Alternatively, physical activity levels may be uniformly so
low among all children that factors other than physical activity
determine who becomes obese. Further research should investigate
more comprehensive approaches to assessing activity.
Total
energy and total grams of fat were statistically different
between groups in the year before the adiposity take-off,
indicating that children with high adiposity had been consuming
higher fat and energy-dense foods for some time. This suggests
that the children were chronically overfed (10) or the children
had higher preferences for high-fat foods at early ages (31)
and it took at least an additional year for the excess consumption
to manifest in greater adiposity. These possibilities require
further research. During the year before take-off, both samples
were under the average energy allowance (1,800 kcal/day),
but substantially above the Recommended Dietary Allowance
for protein (24 g/day) (29).
Most cases
of take-off occurring in the third year of observation (children
aged 5 to 7 years) is consistent with the timing of adiposity
rebound (4).

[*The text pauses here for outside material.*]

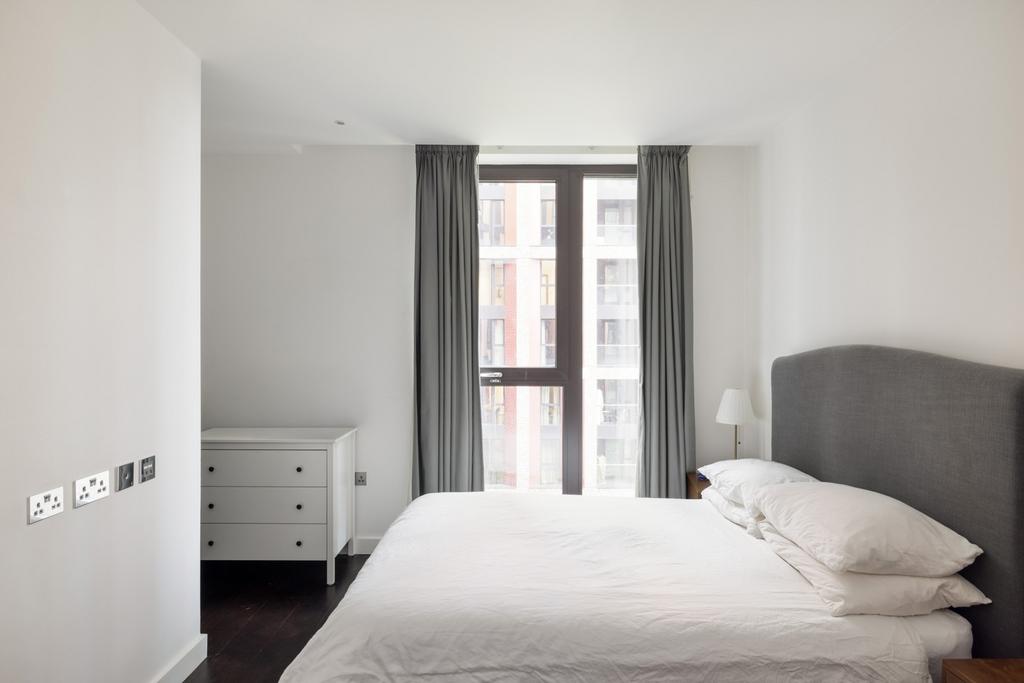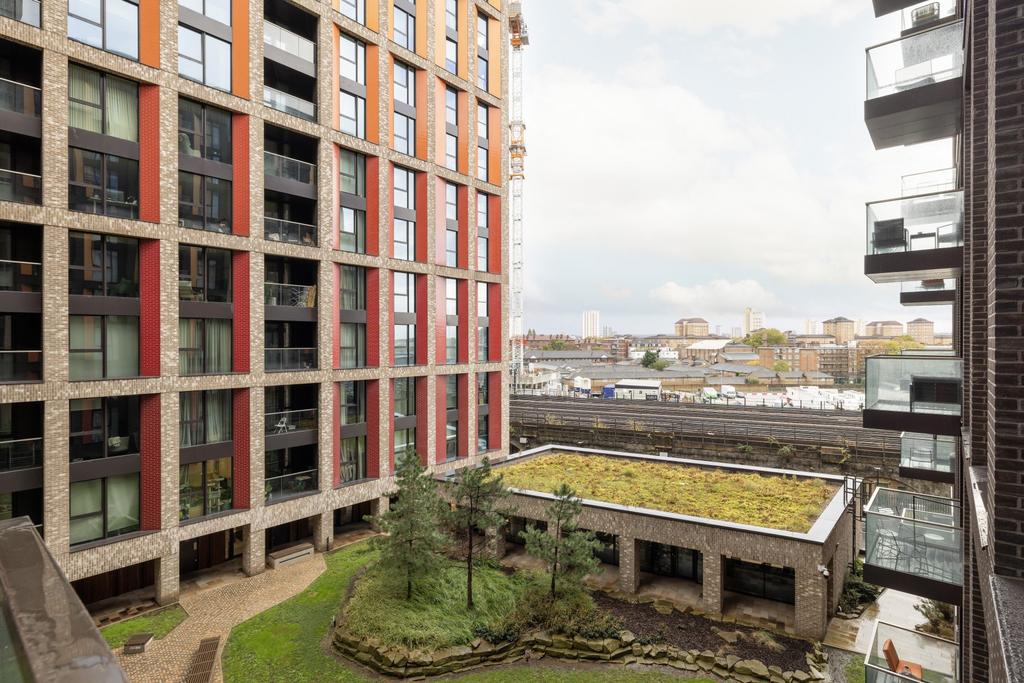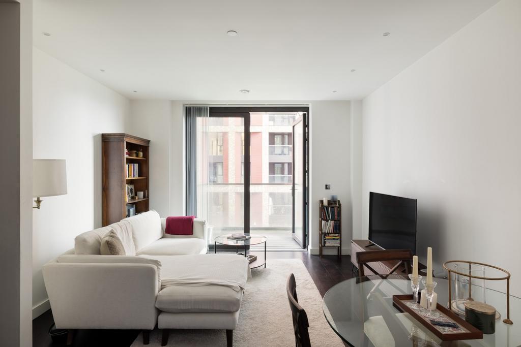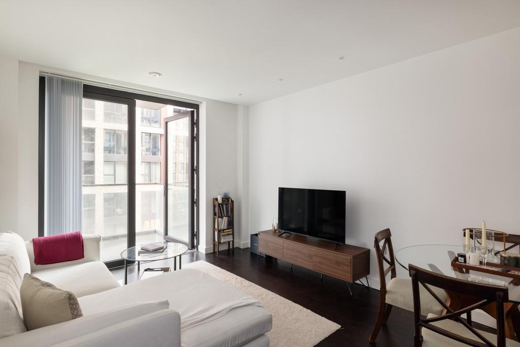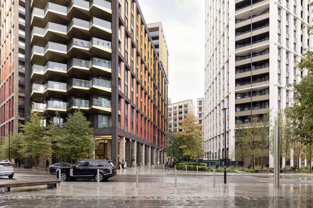 Designed by Grid Architects and inspired by New York loft living, the apartment has an open-plan layout with floor-to-ceiling windows that bring in plenty of natural light and offer views across the city. Walnut flooring runs throughout. The double bedroom includes a walk-in dressing area with built-in storage. The bathroom is finished to a high standard, and a private balcony extends the living space, with views over the podium gardens and surrounding skyline.
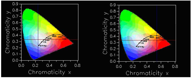圖5.圖中十字線表示的光束反射(左)和透射(右)分量的平均色度坐標。通過將分析面減少到一個像素并評估其彩色圖像來確定該值。

The general decline in the SSS across the 4 annual
assessments (Figure 1) among children not experiencing adiposity
take-off is consistent with the slimming effect just before
adiposity rebound (4). Visual inspection of other graphs of
the full sample (not presented here) suggest that the pattern
of slimming may vary by ethnic and gender groups. The role
of diet and physical activity in adiposity takeoff among boys
and girls in different ethnic groups is worthy of additional
research with larger samples.
Among
adults, dietary fat has been thought to contribute to obesity
(32) through several possible mechanisms, including lack of
auto-regulation of fat intake (33), increased consumption
of high-fat foods because of better taste (32), and low satiety
from fat (34). Future research must address the possible contribution
of each of these factors to the influence of dietary fat on
adiposity among children. It would also be important to document
how young this overconsumption of fat leading to obesity occurs.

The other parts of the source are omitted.